Dal canto suo, il presidente dell’AIC, Renzo Ambrosetti, dopo aver ribadito «che il modello dell’AIC funziona» e che «viene svolto un lavoro concreto e non declamatorio» – con riferimento «all’inutile e costosa iniziativa contro il dumping dell’MPS» - ha messo l’accento sui temi ancora aperti che toccano direttamente l’associazione, a cominciare dai rapporti con l’Europa, in particolare il pacchetto dei Bilaterali III, ora trasmesso al Parlamento.

«Dopo difficili negoziati con l’UE e a livello interno, ora possiamo affermare che le misure di accompagnamento alla libera circolazione (su cui si fonda anche il lavoro dell’AIC, ndr.) sono salve». Qualche passo indietro comunque c’è stato, ha ammesso Ambrosetti: «Per esempio, la riduzione del preannuncio delle notifiche che scendono da 8 a 4 giorni». L’impatto sul Ticino sarà comunque nullo, ha precisato Ambrosetti: «La nostra efficienza sopperisce al minor preavviso». Altra concessione fatta con i Bilaterali III, riguarda le cauzioni, che non vanno più depositate in occasione della prima entrata, ma solo in caso di recidiva.

«Iniziativa del caos»

L’ultimo tema affrontato da Ambrosetti è stata la «scellerata, demagogica e irresponsabile» iniziativa UDC sui 10 milioni. «Un’iniziativa che, se accolta, creerà difficoltà nel reperire manodopera estera e che metterà in crisi la nostra crescita economica».
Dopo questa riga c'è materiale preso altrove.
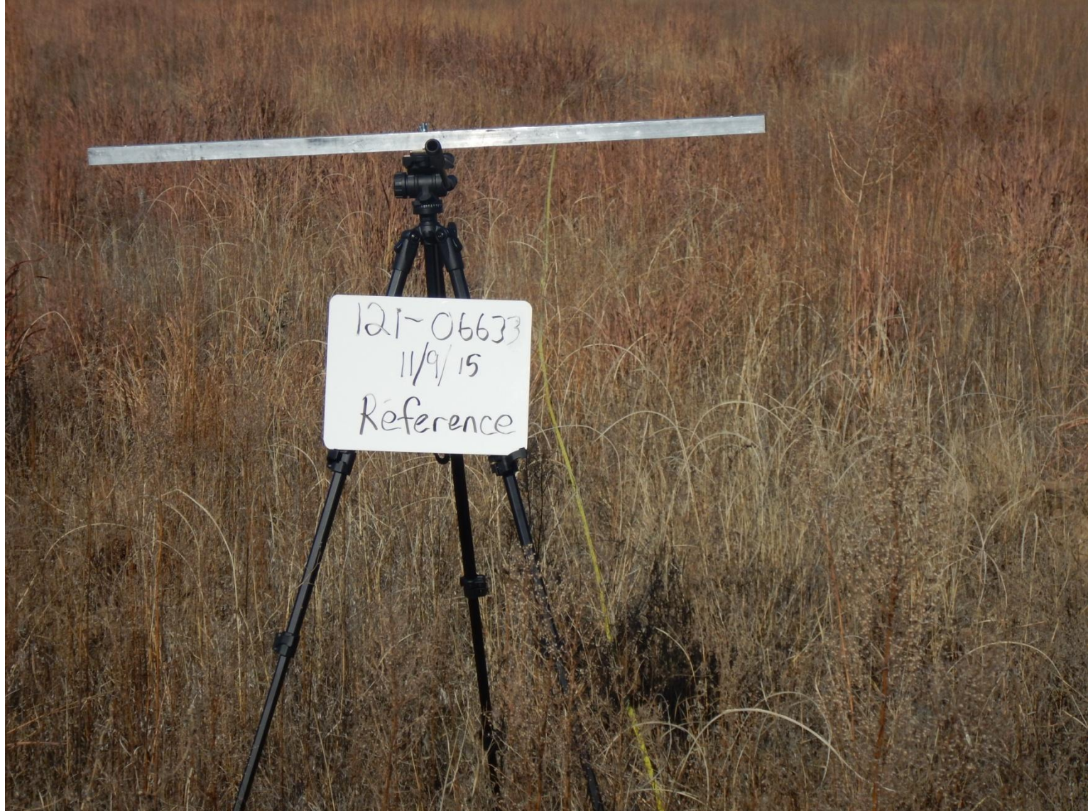
Photo 11: Photo of reference area, transect starting point, facing northwest.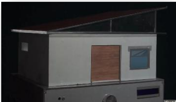
Figure 2. Program Realization

In use, when the Infrared Sensor detects an object such as a human hand, it will activate the MLX90614 Temperature Sensor. After that, the MLX90614 Temperature Sensor will read how high the temperature of the object is so that the results of these readings will be displayed on a 16x2 LCD screen. When the temperature read is a normal temperature between 36 – 37 °C it will activate the DC Motor which has been fitted with gear to rotate so that the door can open automatically and the LED will light up for a few seconds as a sign of safety. When the recorded temperature is not normal, the DC Motor will not be activated but the Buzzer and LED will sound and flash several times within a few seconds as a warning signal. As for the design of the Realization Program, it can be seen in Figure 2.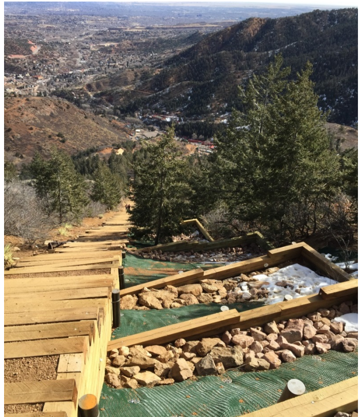
Location of the proposed HMGP project along the Manitou Incline in Manitou Springs, Colo.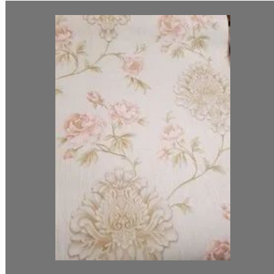
Stock Load Wallpaper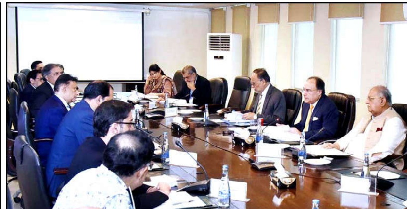
ISLAMABAD: Federal Minister for Finance and Revenue, Senator Muhammad Aurangzeb chairing a meeting of CCoSOEs at the Finance Division.

the relief goods. Meanwhile, the questions about Home department and PDMA were deferred because of the absence of respective provincial ministers. In the meantime, the members of opposition also staged token out from the House after they were not allowed to speak about PDMA. However, the members joined the session after sometime ending their token walk out. Earlier, on a point of order, the Member of Provincial Assembly and former Chief Minister, Dr. Abdul Malik Baloch said that some 3,000 people of the province have been included in the fourth schedule list. Those who were included in the fourth schedule list are: former Deputy Speaker, politicians, media persons besides others.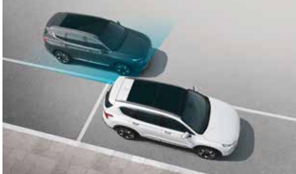
Reverse Parking Collision - Avoidance Assist (PCA): Using the rear camera and ultrasonic sensors whilst reversing at low speeds, a warning is issued on detecting the possibility of a collision with a pedestrian or obstacle. If necessary, brakes are applied.

The SANTA FE protects its passengers from risks all round. With 360° awareness of traffic, pedestrians, and road conditions, the SANTA FE feeds multiple streams of information to the driver with audible alarms and kinetic adjustments where necessary. Taking care of your safety, vigilant systems allow you to focus on the road ahead as the space around you is monitored. Forward Collision Avoidance Assist, protect you from hazards in front and rear-facing sensors alert you to pedestrians or objects behind. SANTA FE comes with technology to make every journey

Non solo, il grande rischio, ha aggiunto, è che comporterà quasi certamente la disdetta dei bilaterali I da parte dell’UE: «Plafonare a 10 milioni gli abitanti svizzeri equivale a impedire la libera circolazione delle persone, punto cardine della costruzione europea. E senza la libera circolazione, spariranno anche le misure di accompagnamento, con tutto quello che ne consegue a livello di caos nel mercato del lavoro». Insomma, quanto costruito finora in materia di protezione dei salari – inclusa l’attività dell’AIC – verrebbe meno, «riportandoci a una situazione simile a quella precedente al 2000, in cui esisteva sì una priorità per la manodopera indigena, ma il controllo del mercato del lavoro risultava lacunoso e poco efficace». In quel caso, ha concluso, «avremo un mercato del lavoro da Far West». Con un elemento in più (negativo) per il Ticino: «L’iniziativa non mette un tetto ai frontalieri che, invece, continuerebbero ad aumentare, con tutti i problemi annessi: traffico, inquinamento e pressione sui salari».